While I am maintaining that you should not sweat it before you get your admissions decision, I appreciate your desire to understand why you would be put in letters and science instead of comp sci if you are not directly admitted to engineering. I am posting this long explanation to help others understand the process/reasoning as well. To be clear, a change in major before admissions comes out will NOT change your admission status to the university (as I stated earlier, that is the first and separate application review, not related to major at all) , so there is no advantage to trying to change it now. It is always best to apply for the most competitive major as an incoming freshman as that is your only chance to be a direct admit and have all the benefits of being in that major from the start.
The default to a LEP is always letters and sciences but is easy to change. Again, the reason for letters and sciences is the advising staff to help you plan coursework to re-apply to the LEP you selected as your first choice. With engineering in particular, while it is difficult/extremely competitive to be directly admitted as a freshman, it is NOT at all competitive to be admitted as as in-school transfer (for engineering ONLY…this does NOT apply to business which remains equally competitive as a transfer). However, you are only allowed to do apply once as an in-school transfer, and must have completed the “gateway” requirements satisfactorily (listed at end of this reply) before you apply, and some are different classes than those are required that you take if you are in a different major (such as comp sci). Make sense? So, if you decided to go for CompSci as a declared major, there is a difference in classes you would be taking than if you were aiming for admission to Computer Engineering.

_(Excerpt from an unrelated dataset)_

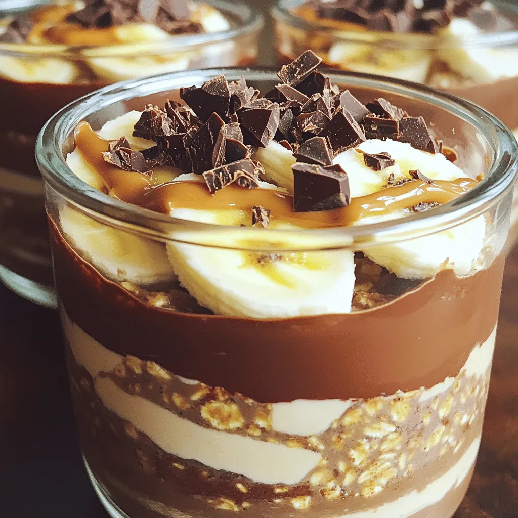Serve your overnight oats in clear jars. This shows off the lovely layers. You can also drizzle a bit of peanut butter on top. Add chocolate shavings or chips for that extra flair. Fresh banana slices on top also add color and taste.

Specificially, for Comp Sci, your first semester would consist of Second Semester
CMSC131 CMSC132
MATH140+ MATH141
ENGL101* Natural Science with Lab
Oral Comm History/Social Science
CMSC100
compared to first semester Computer Engineering (admitted) Second Semester
CHEM135+ CMSC132
ENES100 MATH141
MATH140+ ENEE244
CMSC131 PHYS161
ENGL101* Oral Comm
As you can see, if you went with comp sci, you would not be taking chemistry nor physics, which would make it impossible to apply for engineering in your freshman year and therefore put you behind in coursework, ultimately affecting graduation date. However, as a letters and sciences student, you would have the freedom to take the courses you need to complete gateway requirements.
+In order to get exempt from these classes due to AP credit, you need to have a minimum score of 4. Here is the chart for that info http://www.umd.edu/catalog/attachments/AP.pdf
*Even though you are taking AP English, you would still need to take ENGL101 since it is composition and your AP class is literature (that will get you “out” of a gen ed instead)
So, the question is are you waffling between comp sci and computer engineering out of fear of not being admitted to engineering or are you truly not sure which way to go? Do you know the difference between the majors (comp sci is more about programming in specific)? Take a look at the 4 year plans of each to see the difference (one page has the course call letters but the second includes a truncated course title so be sure to scroll down for each) https://www.eng.umd.edu/sites/default/files/images/current/forms/4yrplan/2013-2014/comp-4yrplan-gep2013-2014.pdf
https://cmns.umd.edu/sites/default/files/uploads/docs/4yr-plans/cmsc.pdf
FYI, this is gateway info/internal transfer info http://www.eng.umd.edu/advising/transfer-guide
Admissions Requirements or Criteria
Both external (outside UMCP) and internal transfers (meaning current UMCP students whose major is NOT engineering) will be admitted to the Clark School if they meet the following admission requirements:
Completion of the Fundamental Studies English requirement (ENGL101/FE)*
Completion of MATH 141/Calculus II with minimum grade of B- or better
Completion of PHYS 161/Physics I with a minimum grade of B- or better
Completion of CHEM 135 OR CHEM271/Chemistry for Engineers or Chemistry II with lab with a minimum grade of C- or better*
A minimum cumulative GPA of 3.0 on all college level coursework
Completion of at least one Distributive Studies course from the humanities or social sciences
Must have one of the following codes: HA, HL, HO, SB, SH, DSHS, or DSHU
• Students in other Engineering majors or Engineering undecided who wish to be a BIOE major must complete BIOE 120 with a grade of B-
- Only one ‘gateway’ or performance review course may be repeated to earn the required grade and that course may only be repeated once. A “W” and Audit counts as a repeat.
Hope this helps. As I said, just hang in there.